All throughout our lives we are reminded of events from the past. History teaches us about what happened before us to help us understand how society came to be as it is today. But today we live in a digital age, and while leaders, laws, wars and other parts of our history will always be important to know; what about software? Technology is everywhere and it is rapidly changing every day. Should we care about where it all started?
RELATED CONTENT: The ubiquity of shared code
The Software Heritage was launched with a mission to collect, preserve and share all software source code that is publicly available. It is currently working towards building the largest global source code archive ever. The Software Heritage was founded by the French Institute for Research in Computer Science and Automation Inria, and it is backed by partners and supporters such as Crossminer, Qwant, Microsoft, Intel, Google and GitHub.

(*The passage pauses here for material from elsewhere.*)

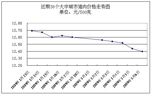 中新網3月9日電 據國家發改委網站消息,據國家發展改革委價格監測中心監測,上周(2009.3.2-2009.3.6,下同)全國36個大中城市集市、超市豬肉(精瘦肉)平均零售價格每500克為12.49元,與前一周(2009.2.23-2009.2.27,下同)相比下降1.19%。

According the heritage, software is an essential part of our society and lifestyle. It has become crucial for businesses and industries to succeed. It’s enabled the emergence of social and political organizations. It has provided us the ability to communicate, pay bills, purchase goods, access entertainment, find information, and more. It would be a shame to our future generations if we were to lose access to that.
“Cultural heritage is the legacy of physical artifacts and intangible attributes of a group or society that are inherited from past generations, maintained in the present and bestowed for the benefit of future generations,” the organization wrote on its website. “Software in source code form is produced by humans and is understandable by them; as such it is an important part of our heritage that we should not lose. Software is furthermore a key enabler for preserving other parts of our cultural heritage that we would de facto lose if we lose the software needed to access them. Preserving software is essential for preserving our cultural heritage.”
According to Robert Di Cosmo, founder and CEO of the Software Heritage, the organization specifically looks at source code because it is written and understood by humans, and contains high-level programming languages that explain what they want machines to do.
There are three main properties of the source code collected: availability, traceability and uniformity. The way the heritage collects the software is like a search engine, explained Stefano Zacchiroli, founder and CTO of the Software Heritage. It crawls specific places where software lives and where developers go to develop, collect or distribute software. Some of the current places include Debian, GitHub, GitLab, Gitorious, Google code, GNU, HAL, Inria, and Python. It will constantly continue to go back to these places to look for new software and updates.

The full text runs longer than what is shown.